In the late 1950s Federal Bureau of Narcotics (FBN) agent John T. Cusack testified before a US Senate committee that Civello was an individual of "major importance" in narcotics trafficking. In its 1963 hearings regarding the links between organized crime and narcotics trafficking, the United States Senate's Permanent Subcommittee on Investigations noted that Civello had criminal associates that included Rocco and Peter Pellegrino of New York City; Frank Torticelli, Biagio Angelica, Joe Ianni, and Joe Glaviano of Texas; and Nicholas Impastato, Joseph Filadro and Joseph DeLuca of Kansas City. It described him as controlling all of the rackets in Dallas and environs. Frank Coppola transported narcotics to Civello in Dallas. This was done by a trucking company owned by John Ormento of the Lucchese crime family. He was also a close friend of James Lanza of the Lanza crime family in San Francisco. In 1967 Civello was approached to arrange a meeting between Al Marshall and Nick Civella of the Kansas City crime family. Marshall sought Civella's support in purchasing the Riviera hotel and casino with a Teamsters fund loan.

During hearings before the House Select Committee on Crime, Representative Sam Steiger asked Carlos Marcello if he recalled meeting Civello. Marcello replied only, "I've heard of him."

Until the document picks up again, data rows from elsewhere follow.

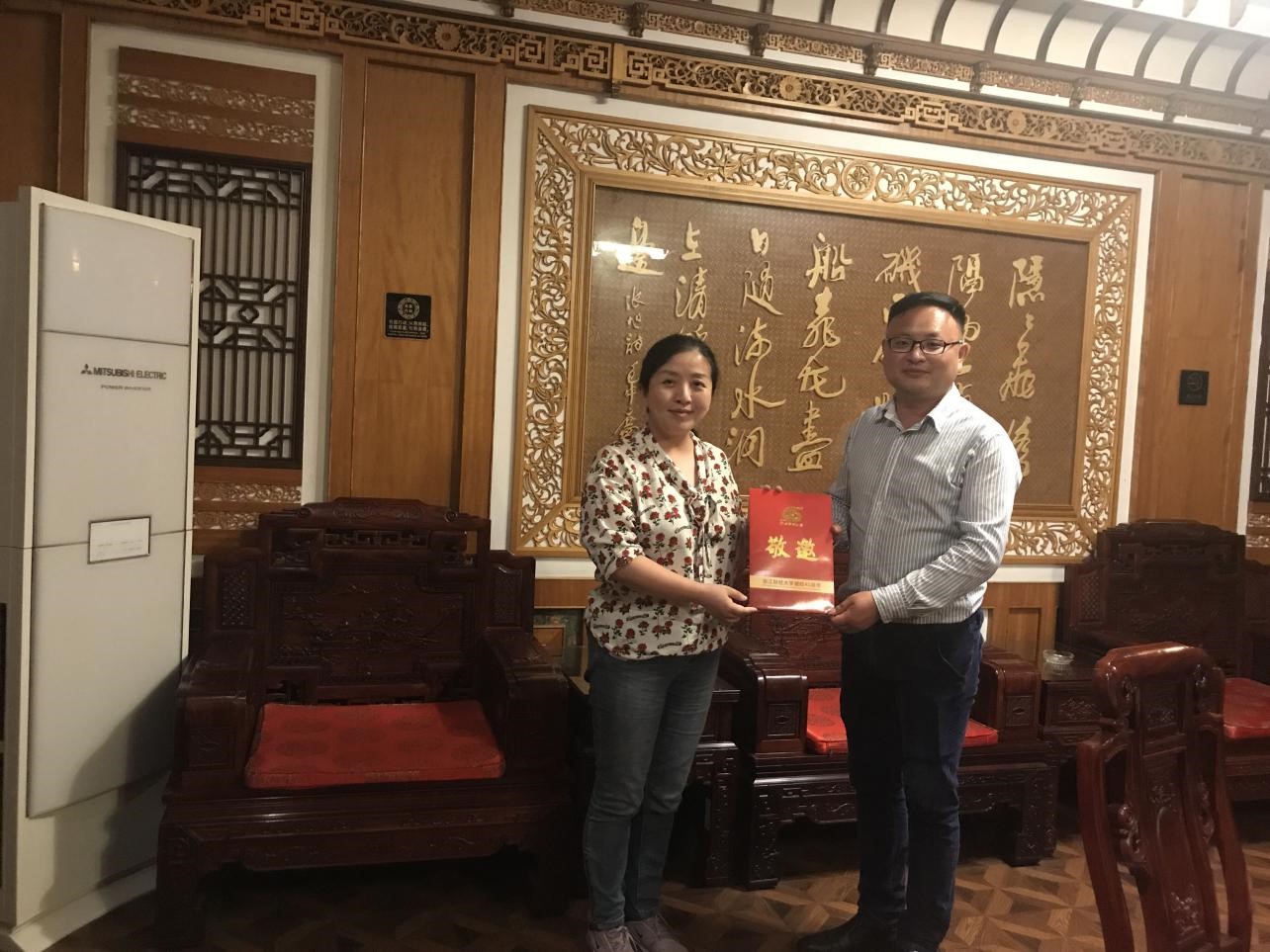 5月16日,公司党委书记高燕、副书记吴玻、员工工作办公室辅导员一行赴金华艾青中学洽谈建立tyc122cc太阳成集团优质生源基地,受到艾青中学董事长单荣耀、党总支书记陈章弟、副董事长潘德明的热情接待。
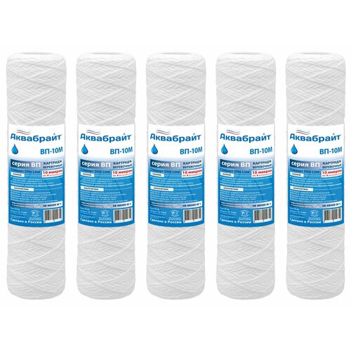 Картридж из полипропиленового шнура аквабрайт ВП-10 М, 10 микрон, SLIMLINE 10-5 шт.
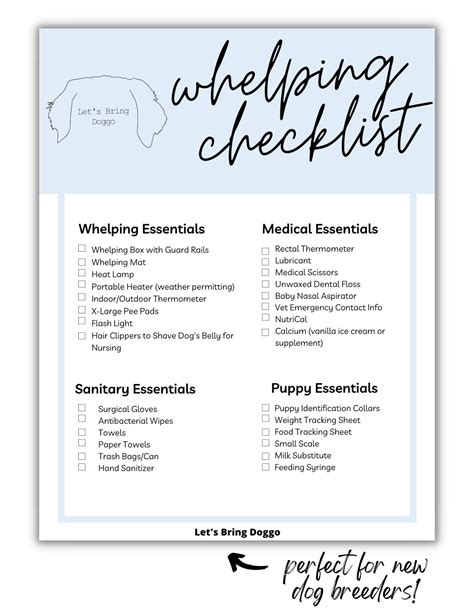 Printable Whelping Checklist. This checklist is to be used as a guide and does not in anyway replace instructions that. Web a whelping checklist is an invaluable tool for dog breeders when preparing for the birthing process of their puppies.
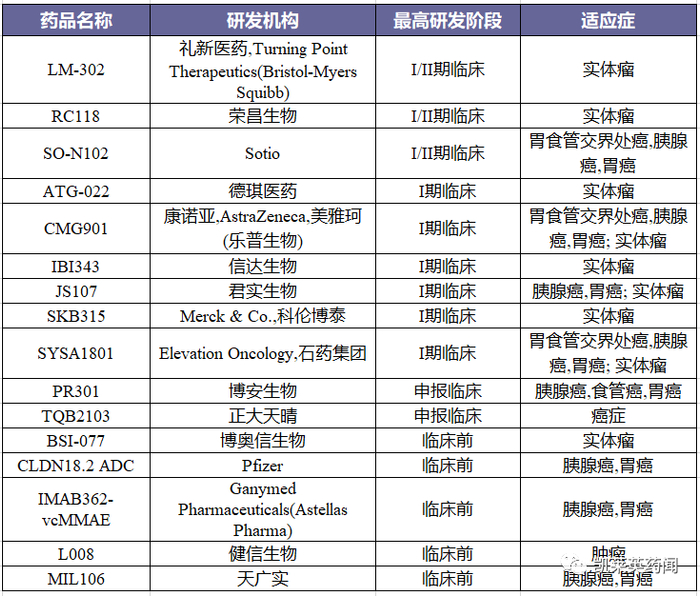 据不完全统计,目前在研的CLDN18.2近百余种,研发药物涵盖单抗、双抗、ADC、CAR-T。其中,在研CLDN18.2ADC药物有16种,以国内企业礼新、荣昌、德琪、康诺亚、信达、君实、科伦、石药领衔。

Civello was close to Jack Ruby, the killer of Lee Harvey Oswald. He was interviewed by the FBI on 14 January 1964. In its investigation of the assassination of John F. Kennedy, the House Select Committee on Assassinations said that it recognized Ruby's murder of Oswald as a primary reason to suspect organized crime as possibly having involvement in the assassination. In its investigation of Ruby to determine if he was involved in criminal activities and if that involvement was related to the killing of Oswald, the HSCA noted that Ruby was a "personal acquaintance" of Civello and that Civello was an associate of Marcello. The Committee reported that "Oswald and Ruby showed a variety of relationships that may have matured into an assassination conspiracy" but that it "was unable firmly to identify the other gunman or the nature and extent" of a conspiracy involving organized crime.

==Final days==
Civello's racketeering continued, as did his expansion into legitimate businesses. Judge Irving R. Kaufman called Civello a "high ranking criminal who cloaked himself with the facade of legitimate business."

Civello died on January 17, 1970, in Dallas of natural causes. His obituary indicated no children, but listed his wife Mary, a brother and five sisters as survivors. Joseph Campisi was appointed as his replacement in Marcello's outfit. He was buried at Calvary Hill Cemetery in Dallas.